Source records
===============

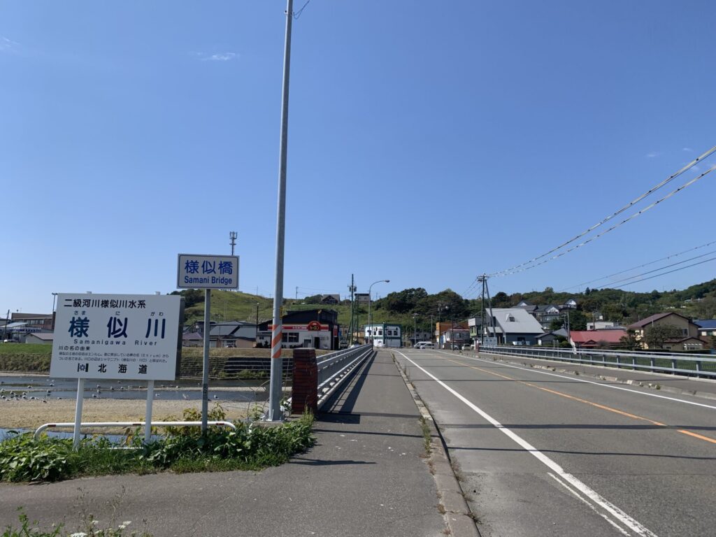 ▼L側に歩道、様似山道の入口はR側のなのだが、橋梁のR側の防護柵に降りてゆく切れ目が無いようだが???
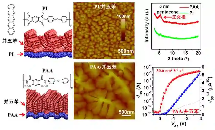 图3 并五苯在 PI 和 PAA 表面的生长方式、薄膜形貌、结晶性以及电学性质
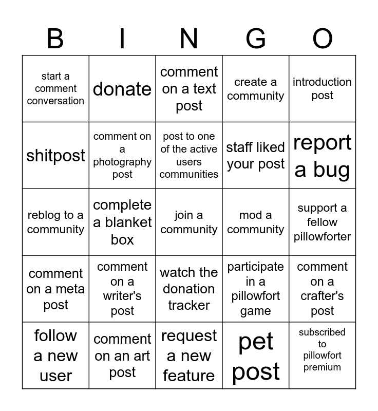 This bingo card has a free space and 24 words: follow a new user, comment on a writer's post, post to one of the active users communities, pet post, introduction post, start a comment conversation, donate, comment on a text post, mod a community, support a fellow pillowforter, reblog to a community, comment on a photography post, participate in a pillowfort game, comment on a crafter's post, shitpost, comment on an art post, request a new feature, create a community, report a bug, comment on a meta post, complete a blanket box, watch the donation tracker, staff liked your post and subscribed to pillowfort premium.
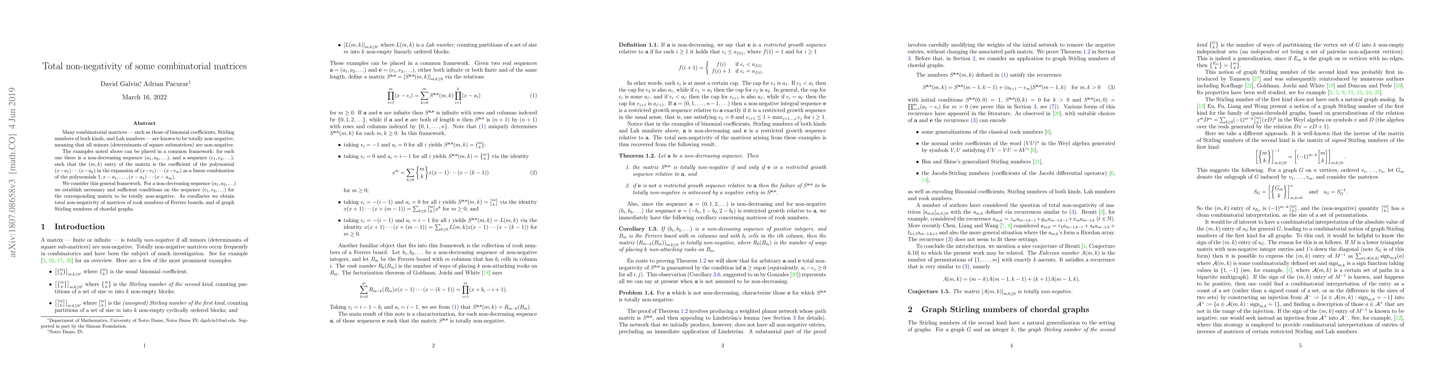 Many combinatorial matrices --- such as those of binomial coefficients, Stirling numbers of both kinds, and Lah numbers --- are known to be totally non-negative, meaning that all minors (determinants of square submatrices) are non-negative. The examples noted above can be placed in a common framework: for each one there is a non-decreasing sequence $(a_1, a_2, \ldots)$, and a sequence $(e_1, e_2, \ldots)$, such that the $(m,k)$-entry of the matrix is the coefficient of the polynomial $(x-a_1)\cdots(x-a_k)$ in the expansion of $(x-e_1)\cdots(x-e_m)$ as a linear combination of the polynomials $1, x-a_1, \ldots, (x-a_1)\cdots(x-a_m)$. We consider this general framework. For a non-decreasing sequence $(a_1, a_2, \ldots)$ we establish necessary and sufficient conditions on the sequence $(e_1, e_2, \ldots)$ for the corresponding matrix to be totally non-negative. As corollaries we obtain totally non-negativity of matrices of rook numbers of Ferrers boards, and of graph Stirling numbers of chordal graphs.
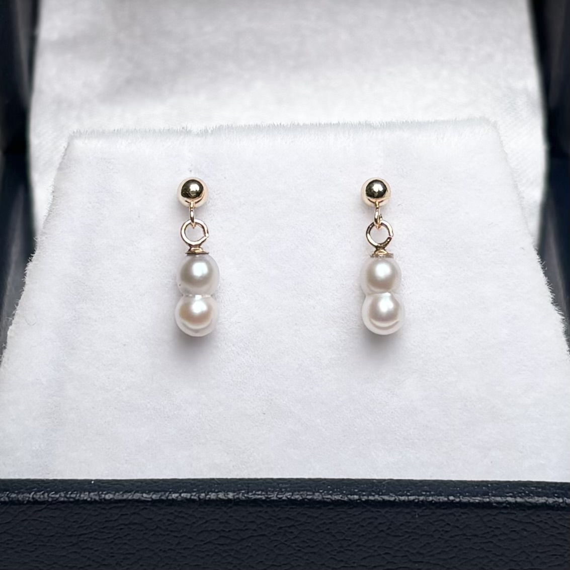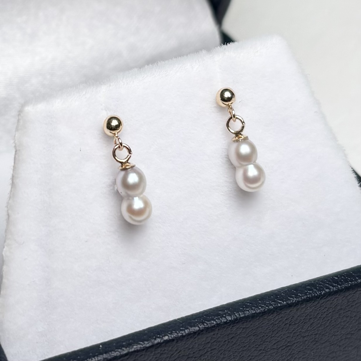 アコヤ真珠 ツインパールピアス イヤリング 3-4mm ホワイト クリーム ナチュラルグレー K10YG SV925製 直結ピアス
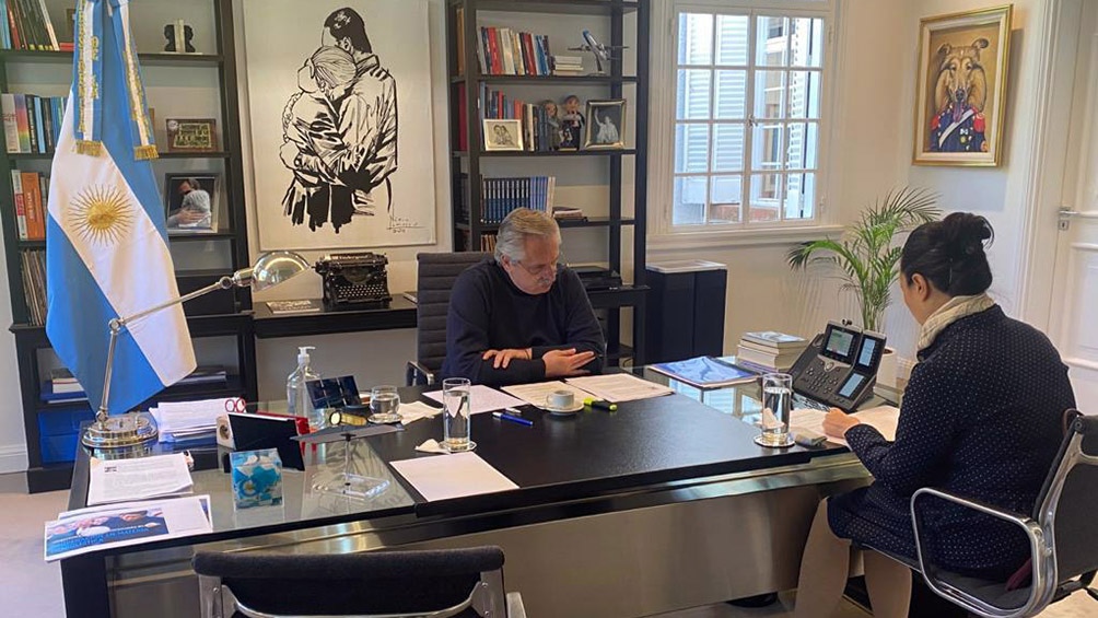 La conversación telefónica tuvo lugar desde la Residencia presidencial de Olivos, durante la cual estuvo acompañado por el secretario de Comunicación y Prensa, Juan Pablo Biondi; el canciller Felipe Solá, y los secretarios de Asuntos Estratégicos, Gustavo Beliz y General de la Presidencia, Julio Vitobello.
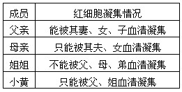 3、填空题 小黄家庭成员间红细胞和血清凝集关系如下表成员红细胞凝集情况
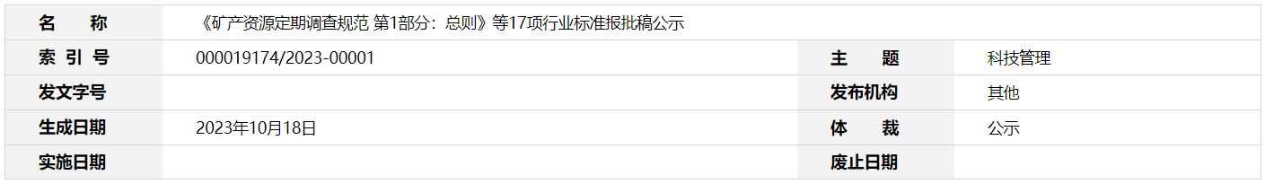 《礦產(chǎn)資源定期調(diào)查規(guī)范 第1部分:總則》等17項行業(yè)標(biāo)準(zhǔn)報批稿公示
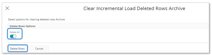 To use the second option, toggle Delete All and then click on Delete Rows.
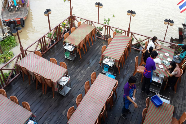 ร้านอาหารไทยรสชาติจัดจ้านริมแม่น้ำเจ้าพระยา ที่ให้บริการในบรรยากาศที่เงียบสงบ มีโซนให้เลือกนั่งทั้งในบ้านแบบเรือนไทย มีระเบียงริมน้ำในเรือเอี้ยมจุ๊น และบริการล่องเรือชมเกาะพร้อมกับรับประทานอาหาร ส่วนตัว 4-5 คน และใช้เวลา 2 ชั่วโมง และยังรวมถึงรับจองเป็นหมู่คณะทั้งที่ทานในร้านและล่องเรือซึ่งรับได้มากถึง 200 คนทีเดียว ในส่วนของเมนูที่ห้ามพลาดก็เป็น กุ้งแม่น้ำเผาตัวโต ๆ ที่คัดมารอไว้มากมาย ย่างจนสุกได้ที่ แกะเปลือกจิ้มกับน้ำจิ้มรสเด็ด นอกจากนี้ยังมีเมนูปลาช่อนเผา เสิร์ฟพร้อมน้ำจิ้ม 3 อย่าง, หมี่กรอบชาววัง, น้ำพริกมะขาม และต้มโคล้งปลาสลิด และอื่นๆ ให้เลือกรับประทานอีกเพียบ

===============

Requirement =
Only the lines starting at the one that includes "3、填空题 小黄家庭成员间红细胞和血清凝集关系如下表成员红细胞凝集情况" and ending at the one that includes "To use the second" should be retyped, exactly, from the records above; no pictures.

Exercise solution =
 3、填空题 小黄家庭成员间红细胞和血清凝集关系如下表成员红细胞凝集情况
 《礦產(chǎn)資源定期調(diào)查規(guī)范 第1部分:總則》等17項行業(yè)標(biāo)準(zhǔn)報批稿公示
 To use the second option, toggle Delete All and then click on Delete Rows.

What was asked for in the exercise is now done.